Stimme des Monats Mai
Personalberaterin und Recruiting-Profi Dr. Karin Medved im Interview mit LexisNexis über die Entstehung ihres neuen Werkes „Recruiting-Kompass“, wie aus BewerberInnen Job-InteressentInnen werden, welche Entwicklungen und Trends sie sieht und vor welche Herausforderungen Recruiting in Pandemiezeiten gestellt wird.
Frau Dr. Medved, wie war es für Sie als Praktikerin Ihre Erfahrungen in Buchform zu gießen? Und – warum haben Sie überhaupt ein derartiges Buch geschrieben?
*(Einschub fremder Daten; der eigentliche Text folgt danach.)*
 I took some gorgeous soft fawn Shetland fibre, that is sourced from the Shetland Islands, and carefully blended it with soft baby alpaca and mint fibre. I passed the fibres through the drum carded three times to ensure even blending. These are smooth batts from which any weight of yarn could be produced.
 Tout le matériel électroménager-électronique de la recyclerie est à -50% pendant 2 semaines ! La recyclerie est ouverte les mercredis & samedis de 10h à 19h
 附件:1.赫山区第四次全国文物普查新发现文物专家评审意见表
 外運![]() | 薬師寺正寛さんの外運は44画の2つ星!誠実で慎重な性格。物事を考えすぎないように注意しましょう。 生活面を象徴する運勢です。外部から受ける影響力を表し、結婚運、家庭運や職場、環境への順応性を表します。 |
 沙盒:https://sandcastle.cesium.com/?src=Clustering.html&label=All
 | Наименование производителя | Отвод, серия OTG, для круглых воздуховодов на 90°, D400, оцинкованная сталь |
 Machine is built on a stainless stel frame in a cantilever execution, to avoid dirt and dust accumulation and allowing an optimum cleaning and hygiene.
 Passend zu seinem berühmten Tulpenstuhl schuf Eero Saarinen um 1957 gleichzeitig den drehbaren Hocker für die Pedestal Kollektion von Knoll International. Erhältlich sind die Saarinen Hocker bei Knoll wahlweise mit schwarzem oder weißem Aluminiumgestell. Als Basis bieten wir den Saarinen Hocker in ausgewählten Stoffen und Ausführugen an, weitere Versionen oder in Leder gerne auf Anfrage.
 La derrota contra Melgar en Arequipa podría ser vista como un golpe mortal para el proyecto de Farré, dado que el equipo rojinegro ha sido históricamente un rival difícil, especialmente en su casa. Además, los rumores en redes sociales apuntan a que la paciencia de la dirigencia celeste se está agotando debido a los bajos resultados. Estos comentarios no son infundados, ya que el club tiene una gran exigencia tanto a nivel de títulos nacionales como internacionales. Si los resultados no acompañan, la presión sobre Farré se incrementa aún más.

Es war für mich die Möglichkeit persönliche Erfahrungen an möglichst viele Menschen weiterzugeben. Ich erinnere mich noch gut an meine Ausbildung an der Uni, wo ich mich unter anderem auf Personalmanagement spezialisiert habe. Wie Recruiting praktisch funktioniert, war in keiner Lehrveranstaltung ein Thema. In der Praxis ist Recruiting aber eine zentrale und wichtige Aufgabe einer Personalabteilung und vielfach auch Gradmesser für Erfolg oder Misserfolg der Abteilung.
Wichtig war mir, dass das Buch einfach zu lesen ist, also nicht wie eine wissenschaftliche Publikation, sondern fast wie ein „Kochrezept“. In meiner Tätigkeit als Personalberaterin bin ich häufig mit Menschen im Gespräch, die mir ihre negativen Erlebnisse mit Recruiting und RecruiterInnen erzählen. Ich glaube, dass mein Buch dazu beitragen kann, schnell Verständnis für die wesentlichen Aspekte im Prozess der Personalsuche und des Kennenlernens zu entwickeln.
Was unterscheidet Ihr Buch von anderen Publikationen?
Kurz, prägnant und mit vielen praktischen Tipps führe ich durch den gesamten Prozess der Personalsuche. In jedem Recruiting-Prozess sind Entscheidungen zu treffen: wer, wann, was und wie machen soll. Dieses Buch bietet Entscheidungshilfen und Optionen, die im jeweiligen Prozessstadium zu treffen und/oder zu berücksichtigen sind. Wenn man dieses Buch gelesen hat, dann hat man einen Leitfaden, wie MitarbeiterInnensuche funktioniert. Und eine gute Basis, um sich mit einzelnen Aspekten vertieft zu beschäftigen. Mein Mitautor, Dr. Klaus Cavar, Rechtsanwalt für Arbeitsrecht, hat dazu die jeweils relevanten rechtlichen Themen skizziert.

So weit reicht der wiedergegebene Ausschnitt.